3 Introduction of VaR and CVaR

For the financial and economic analysis where uncertainty is involved, risk analysis needs to be incorporated to analyze the effect of uncertainty on the profits. Here we use the risk measures VaR and CVaR to find out the benefit of the RES and DRAs. The uncertainty studies carried out here is basically to assess uncertainties in predicting the power to be committed and further to analyze the properties of the uncertainties for the future forecast. The uncertainty in the power generated by the RES and customers response is those that are inherent and cannot be removed. These uncertainties can often be modeled by probability distribution unlike the economic uncertainty that follows Brownian motion or discrete Markov chain.

A simple mathematical representation of the VaR at \(\alpha\) confidence level is given in (1) [23]. The confidence level is expressed in percentage. The probability of any random value in the data set being greater than \(VaR_{\alpha }\) value is \(\alpha\). \(VaR_{\alpha }\) is the largest value of all the values that belongs to \(100\% - \alpha\) of the lower values, as shown in (2). This ensures that probability of obtaining power less than \(VaR_{\alpha }\) is lower than \(100\% - \alpha\).
$$\Pr \left( {R \ge VaR_{\alpha } } \right) = \alpha$$
$$VaR_{\alpha ,s,t} = \left( {100\% - \alpha } \right)R_{s,t } \qquad \forall s \in N_{R }$$
where Pr(·) is the probability function; \(R\) is the random value; \(VaR_{\alpha }\) is the VaR at \(\alpha\) confidence level; \(VaR_{\alpha ,s,t}\) is the value of power by source s at \(\alpha\) confidence level at time t; \(R_{s,t }\) is a set of all the random values of power by source s at \(\alpha\) confidence level at time t; \(N_{R }\) is the number of random variables.

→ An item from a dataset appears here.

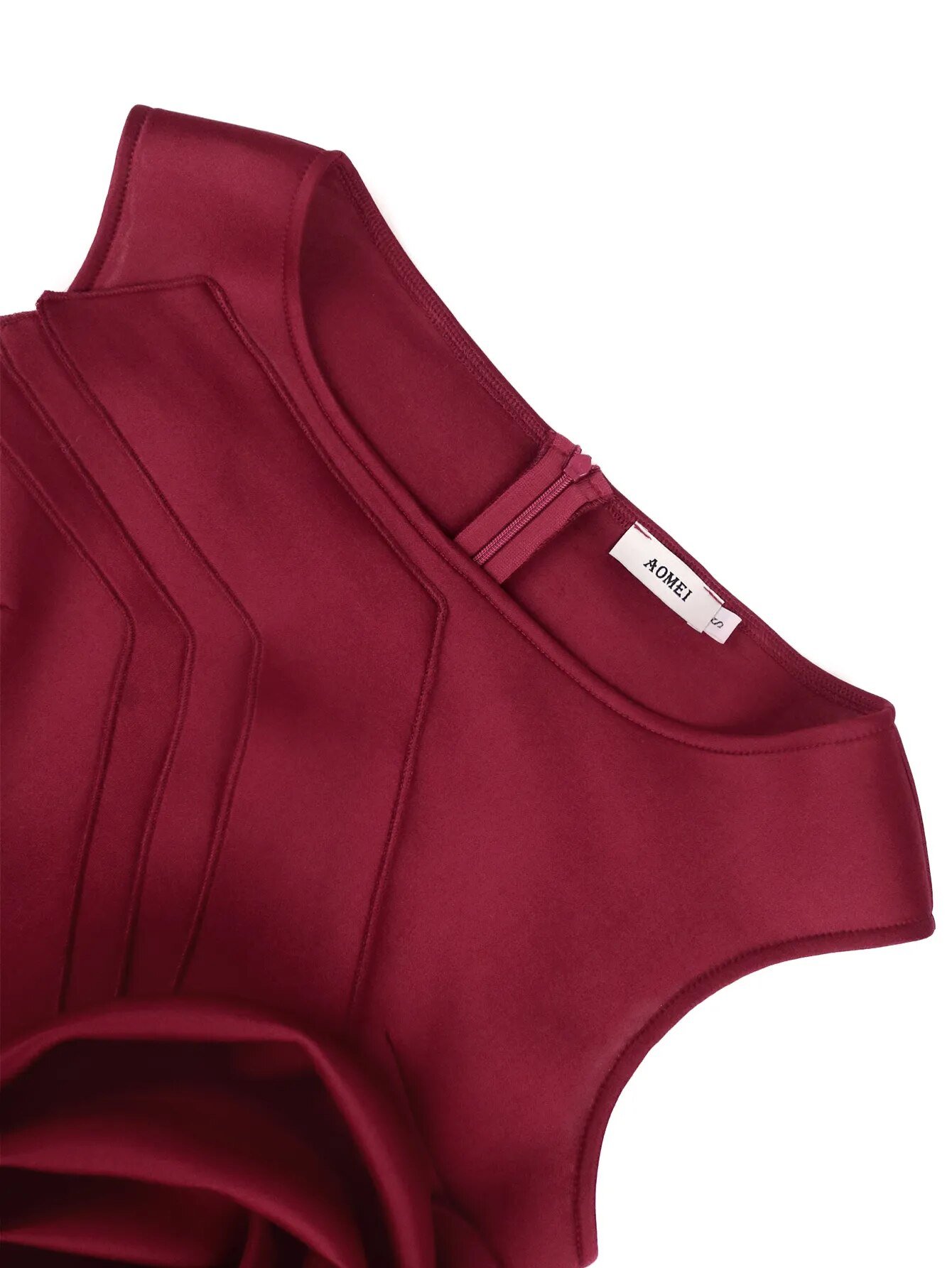 Women Burgundy Midi O Neck Appliques Robes Sleeveless Flower High Waist Bodycon Plus Size Party Evening Dresses Event Gowns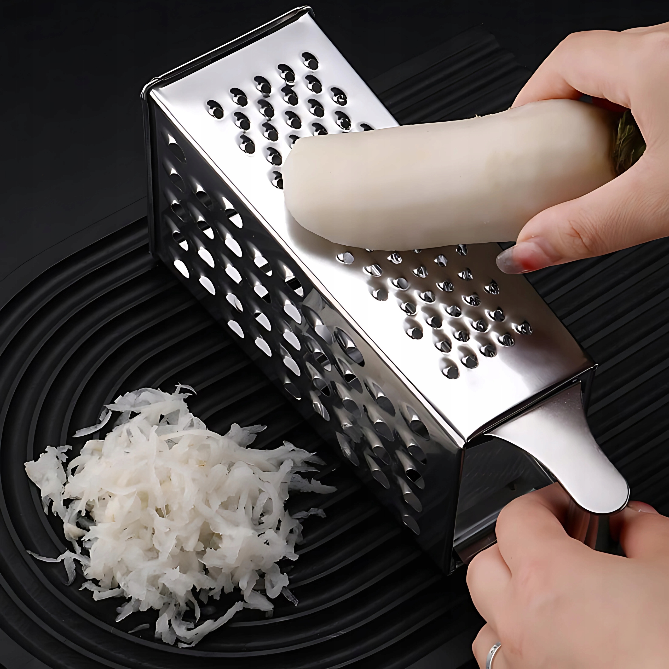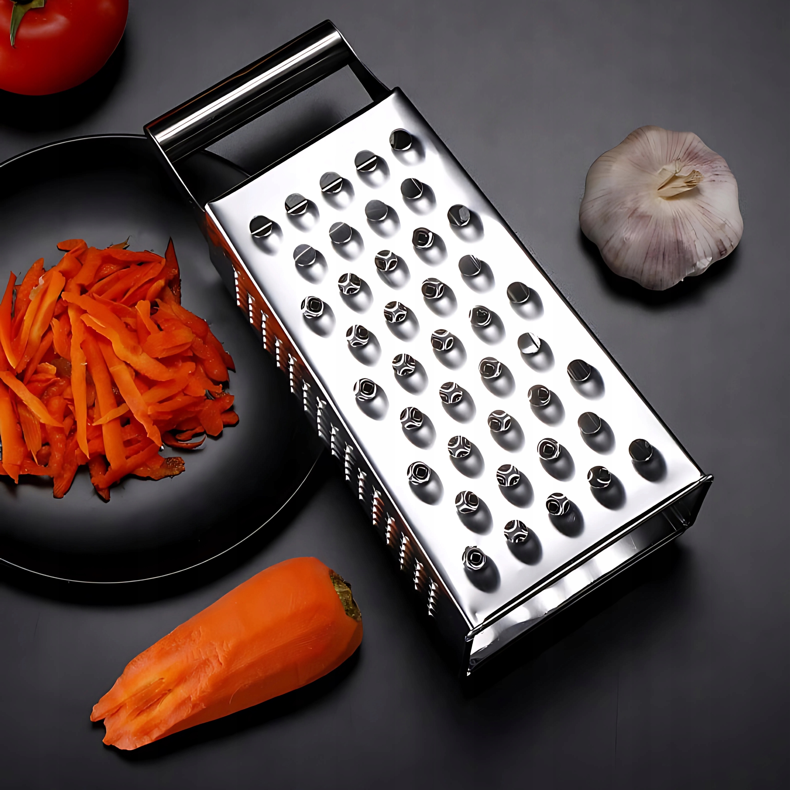 Завдяки різким твердим лезам ви можете швидко та ефективно витерти моркву, сир, картоплю та інші інгредієнти .

For a given confidence level \(\alpha\in\) (0; 100%), the risk measure \(CVaR_{\alpha}\) can be defined as an average expected value of the loss with probability \(\alpha\). Equation (3) gives a simple calculation of CVaR. CVaR in a basic sense can be said to be the mean of the \(\alpha\)-tail. In other words, it is the mean of all values of the random samples that are less than or equal to \(VaR_{\alpha }\).
$$CVaR_{\alpha } = \frac{1}{{N_{{VaR_{\alpha } }} }} \mathop \sum \limits_{g = 1}^{{N_{{VaR_{\alpha } }} }} R_{g}$$
where \(N_{{VaR_{\alpha } }}\) is the number of random values of power that is below \(VaR_{\alpha }\); \(R_{g}\) is the set of all random values below \(VaR_{\alpha }\).

3.1 Proposed implementation of risk using VaR and CVaR

In this paper, we propose a simple method for the use of \(VaR_{\alpha }\) as a committed value of power while the \(CVaR_{\alpha}\) as the value of power during a risky scenario. This approach is simple and briefly gives the idea about the probable risk of power deviation and financial risk caused due to these power deviations from the uncertain energy source. In the day-ahead market, both RES and DRAs commit for their power at different \(\alpha\). Consideration of \(\alpha\) helps in converting the uncertainty into certainty to some extent as we are certain about the probability of power being greater than or equal to \(VaR_{\alpha }\) is \(\alpha\). A number of mathematical studies on VaR and CVaR lead to a problem of a confidence level choice. In practice, the level of \(\alpha\) lies in between 0.8 and 1 where 0.8 means 20% of risk and 1 means 0% of risk or risk-free.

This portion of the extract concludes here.